Now, let’s assume this vulnerability was patched and we want to verify if the patch was correctly applied:
program.c
#define BUFFER_SIZE 256

void read_argument(char *input) {
  char buffer[BUFFER_SIZE];

  if (strlen(input) > BUFFER_SIZE) {
    printf("Input is too long\n");
    exit(1);
  }

  strcpy(buffer, input);
  printf("You entered: %s\n", buffer);
}
We can check for the patch by adding a condition to the scope definition to filter out functions that call strlen:
rule.vh
...
scopes = scope:calls{
    to = "strcpy",
    where = caller:named "read_argument" and not caller:has_call "strlen",
    using = {parameters = {var:named "input"}},
    with = check
}
...
Alternatively, we can use scope:functions to find the read_argument function and check whether it calls strlen:
rule2.vh
...
scopes = scope:functions{target = "read_argument", with = check}

function check(project, context)
    if context:has_call("strlen") then
        print("Patch correctly applied: read_argument calls strlen")
    end
end

Increasing patch detection accuracy

The rule above is useful to understand the capabilities of the dataflow engine, but to more accurate, we have to make sure the value returned from strlen is actually being checked by the if statement and that the call to strcpy is within this if block.
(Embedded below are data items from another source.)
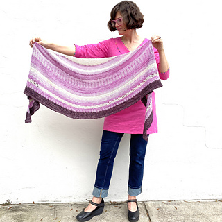 Marcella (the shawl, not the woman) is crescent shaped and contains all sorts of fun stitches, from “made-up” increases to scallops and slipped stitches. The final color (D) is only used for the border and is placed there to accent the rest of the colors. It does not have to be the strongest color, just a color that you love. If you do not wish to do the 2 rows of stranded knitting that occur several times in the shawl, you can simply revert back to stockinette stitch as instructed. Of note, colors that blend too much together will obscure the scallops.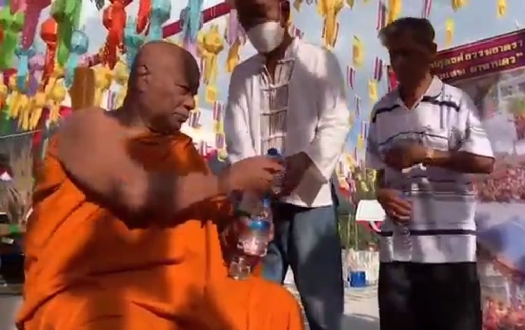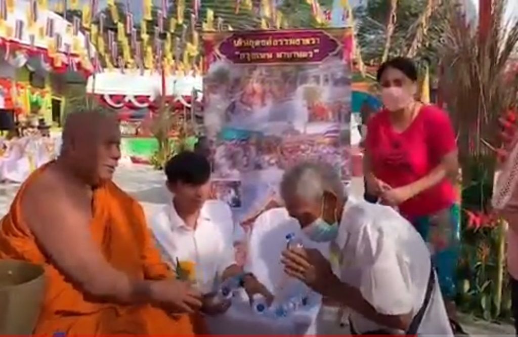 คนเมืองคอนแห่ตักบาตรวันปีใหม่ รับน้ำมนต์เหล็กไหล ‘วัดเขาพระทอง’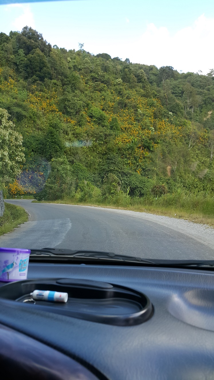 ดอกบัวตองขึ้นเต็มไปหมดเลยค่ะ เกือบตลอดทาง และแถมขึ้นตามเขาอีกค่ะ มองไปไกลเห็นสีเหลืองเต็มไปหมด ธรรมชาติช่างสร้างสรรจิงๆเลยเนอะ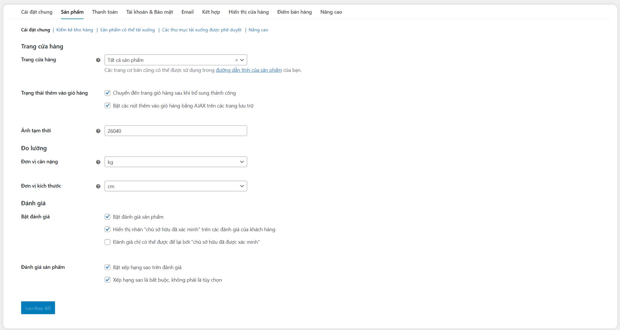 Tab “Sản phẩm” cho phép bạn tùy chỉnh mọi thứ liên quan đến sản phẩm được hiện thị và quản lý. Dữ liệu sản phẩm bao gồm đơn vị đo lường, đánh giá, chi tiết chứng khoán, phương pháp tải xuống và thậm chí các nút thêm vào giỏ hàng có thể được tùy chỉnh trong tab Sản phẩm: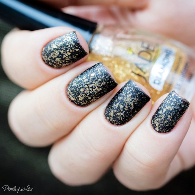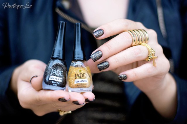 Semana passada chegou uma caixa da Jade aqui com a coleção nova e já quis logo usar esse flocado dourado, o 18 quilates! Eu já tive um igual a ele da Essie (Zoya também tem dele), mas não tinha dado bola, até dei o meu. Só agora com o Jade em mãos que pensei em experimentar com cobertura fosca e então que pude ver como ele é lindo! Escolhi outro Jade pra fazer par com ele, o Black Tie, e ficou perfeito! Vou usar muitas vezes essa combinação!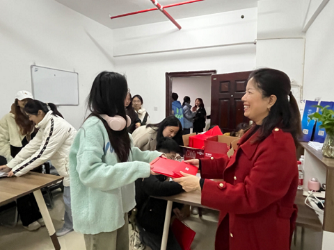 12月14日晚,学院直属党支部书记肖平飞、国际合作与交流处副处长傅佳、综合办主任马艳以及学院辅导员深入学生寝室,在学生公寓16栋126室为即将奔赴考研战场的大四学子们送上暖心祝福与“考研助力包”。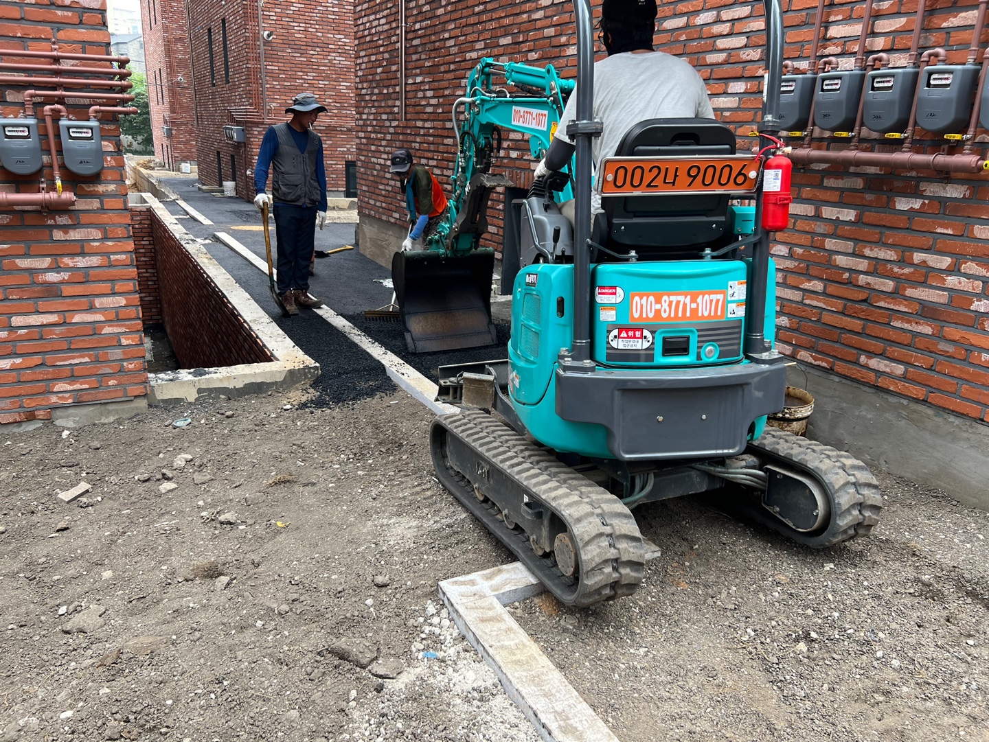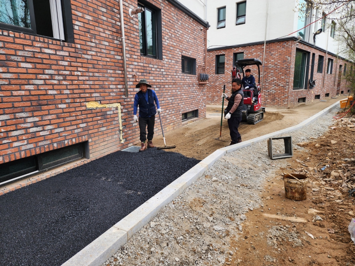 장비가 들어갈 수 없는 협소한 장소에는 작업자가 직접 삽과 갈퀴를 이용하여 포설하였습니다.

We can achieve this by using the decompiler extension with the following rule:
rule3.vh
author = "Binarly"
name = "Tracking dataflow from read_argument to strcpy"
platform = "posix-binary"
architecture = "*:*:*"
conditions = {name_with_prefix = "program"}
extensions = "decompiler"

scopes = scope:calls{
    to = "strcpy",
    where = caller:named "read_argument",
    using = {parameters = {var:named "input"}},
    with = check
}

function check(project, context)
    local decomp = project:decompile(context.caller.address) -- decompile read_argument

    -- use weggli to find the buffer length check followed by the call to `strcpy`
    local matches = decomp:query{
        query = [[
            $var = strlen($param);
            if ($var < _) {
                strcpy(_, $param);
            }
        ]]
    }

    local addr_check = matches:address_of_match(2) -- `if ($var < _) {`
    local addr_strcpy = matches:address_of_match(3) -- `strcpy(_, $param);`

    if addr_check and addr_strcpy then
        return result:patch{
            name = "Buffer overflow in program",
            description = "The program has a patched stack-based buffer overflow in `read_argument` function",
            evidence = {
                functions = {
                    [context.caller.address] = {
                        annotate:at{
                            location = addr_check,
                            message = "The length of the first argument of read_argument is checked against the buffer size..."
                        }, annotate:at{
                            location = addr_strcpy,
                            message = "...which effectively prevents the buffer overflow in this call to strcpy"
                        }
                    }
                }
            }
        }
    end

    local var = context.inputs[2]

    if var and var.annotation == "input" then
        return result:high{
            name = "Buffer overflow in program",
            description = "The program contains a stack-based buffer overflow in `read_argument` function",
            evidence = {
                functions = {
                    [context.caller.address] = {
                        annotate:at{
                            location = context.caller.call_address,
                            message = "The first argument of read_argument is passed to strcpy, leading to a buffer overflow!"
                        }
                    }
                }
            }
        }
    end
end